Doug Henwood dhenwood at panix.com
Wed Sep 7 09:00:49 PDT 2005


Cseniornyc at aol.com wrote:


>Doug Henwood declares:" Yeah, but people have been saying things
>like this for 30 years. Know the enemy, man."
>^^^^^^^^^^^^^^^^^^^^^^^^^^^^^^^^^^^^^^^^^^^^^^^^^^^^^^^^^^^^^^^^^^^^^^^^^^^^^^^^^^^^^^^^^^^^^^^^^^^^^^^^^^
>Saying things like what? 30 years ago the US wasn't facing twin
>deficits approaching one trillion dollars. The financial sector was
>at the service of a powerful industrial one instead of being the
>leader of the economy as it is now..The economy was generating solid
>high wage jobs instead of low wage retail/service ones. Dollar
>hegemony was just beginning and the US currency reigned supreme
>.There was not serious competition from China and SEA for global
>resources, especially oil. This is a different kind of oil shock
>with farther reaching consequences. There were not asset bubbles
>whose deflation create serious disadjustments in the economy,
>etc,etc. So, honestly I don't know what do you mean by this
>statement. Also, do you subscribe to the type of logical reasoning
>such that because it rained yesterday it follows it'll rain tomorrow?

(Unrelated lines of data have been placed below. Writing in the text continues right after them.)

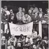Fodboldkamp på Stadion. Nogle tilskuere holder et banner med påskriften MG&BK. Der var ca. 4000 til kampen.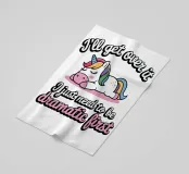 Un simpatico unicorno è sdraiato con una criniera colorata e appare rilassato e soddisfatto. Sopra e sotto l'unicorno, il testo recita umoristicamente: "Mi passerà, devo solo essere drammatico prima".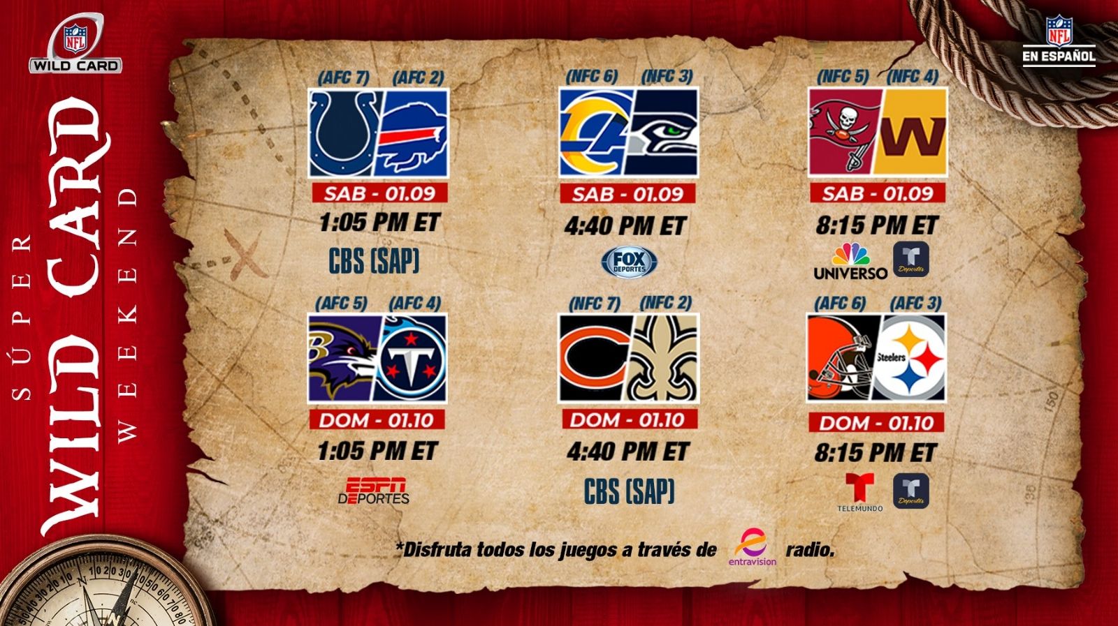 Sí se jugarán el pase otros equipos destacados de la liga en busca de las otras tres plazas restantes para las semifinales de las conferencias Nacional y Americana. La acción empezará con Indianápolis Colts y los Buffalo Bills, seguirán Seattle Seahawks ante Los Ángeles Rams y Washington frente a los Tampa Bay Buccaneers, de Tom Brady, cerrarán la jornada.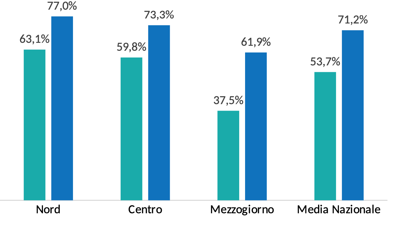 Il Rapporto sottolinea come le infrastrutture sociali per la vita familiare costituiscano un ostacolo determinante alla parità. La copertura degli asili nido si ferma al 30% su base nazionale, con picchi al ribasso del 17,4% nel Mezzogiorno, lontana dall’obiettivo europeo del 45% al 2030. Questo deficit si traduce in carriere interrotte, riduzione delle ore lavorative e rinunce professionali che alimentano una child penalty superiore al 30%. Il congedo di paternità obbligatorio resta fermo ai 10 giorni previsti dalla normativa europea, con un utilizzo del 64,5% ma con fortissimi divari territoriali: 76% al Nord e 44% al Sud. Le esperienze degli altri Paesi dimostrano che congedi più equi e non trasferibili, insieme a servizi universali per accudire i bambini, possono ridurre drasticamente il divario occupazionale.
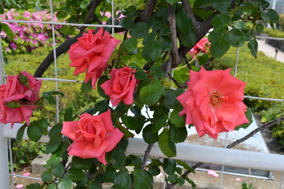 「一言」壁打ちテニスに行ったので、バラの花を見に行きました。既に、たくさんのバラの花が咲いていました。今年はバラの生育が良い感じで、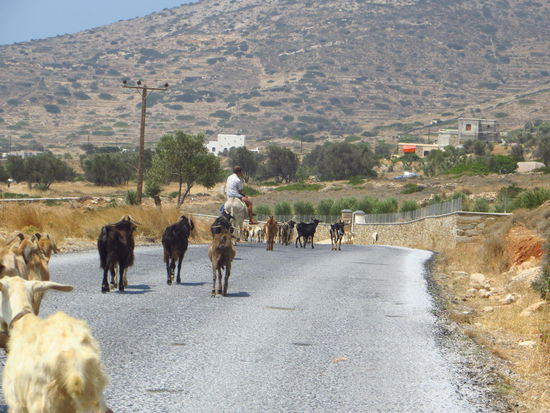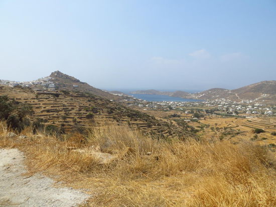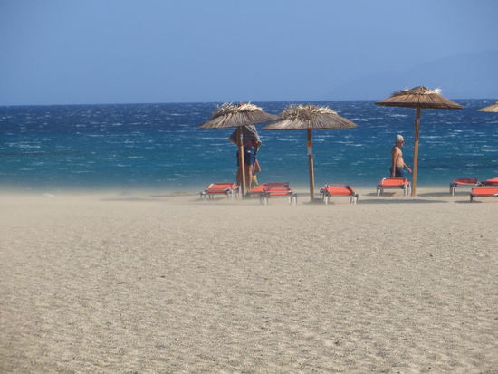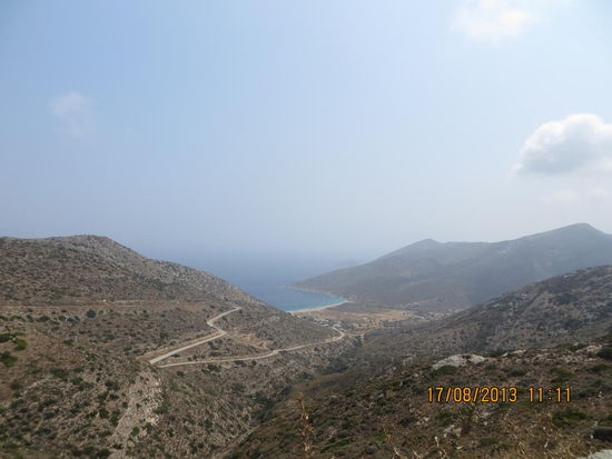 Für den nächsten Tag nahmen wir uns einen Mietwagen. Durch die griechische gebirgige und karge ging es nach Norden zu Homer`Grabstätte. Das Grab bestand dann vor traumhafter Kulisse mit Weitblick aus ein paar aufgehäuften Steinen. Ein kurzer Blick reichte dann und es zog uns zum Strand. Wir haben auf Empfehlung einen schönen Strand angesteuert. Allerdings konnten wir dort nicht bleiben, weil es zu windig war. Man sah schon von Weitem, wie die Leute am Strand vom Sand gepeitscht wurden. Also die steilen Serpentinen wieder zurück und quer über die Insel zu einem anderen Strand in der Hoffnung, dass es dort windgeschützter ist. Es war zwar windig, aber auszuhalten.

I feel like I've typed these words so many times over the last 10-12 years that I should make a macro. But here goes again.

People have been forecasting some sort of bone-crunching crisis for the U.S. economy, and the broader world economy, for several decades. They point to rising debt, financial market instability, or whatever the problem of the moment is. And that crisis has failed to materialize. It could yet someday, I'm not denying that. But its repeated failure to materialize should prompt some reflection on why it hasn't, and why the propensity to predict it persists. On the first, I think the prophets of doom underestimate the skill and power of state bailout managers (and also fall for the temptation to see every problem as a crisis). On the second, it's wishful thinking: on the left, anti-capitalists hope for a crisis so that the masses will turn to them for rescue; on the right, Austrian anti-statists hope it'll mean the end of deficit spending and activist central banks.

Since whenever I say that, several objections immediately arise, let me address them pre-emptively: yes, I know that lots of people live in insecurity and misery - that's standard operating procedure for capitalism. And yes I know that the run of good luck might not go on forever. But look at Japan's "crisis" of the 1990s - it wasn't much fun, but it wasn't the 1930s either.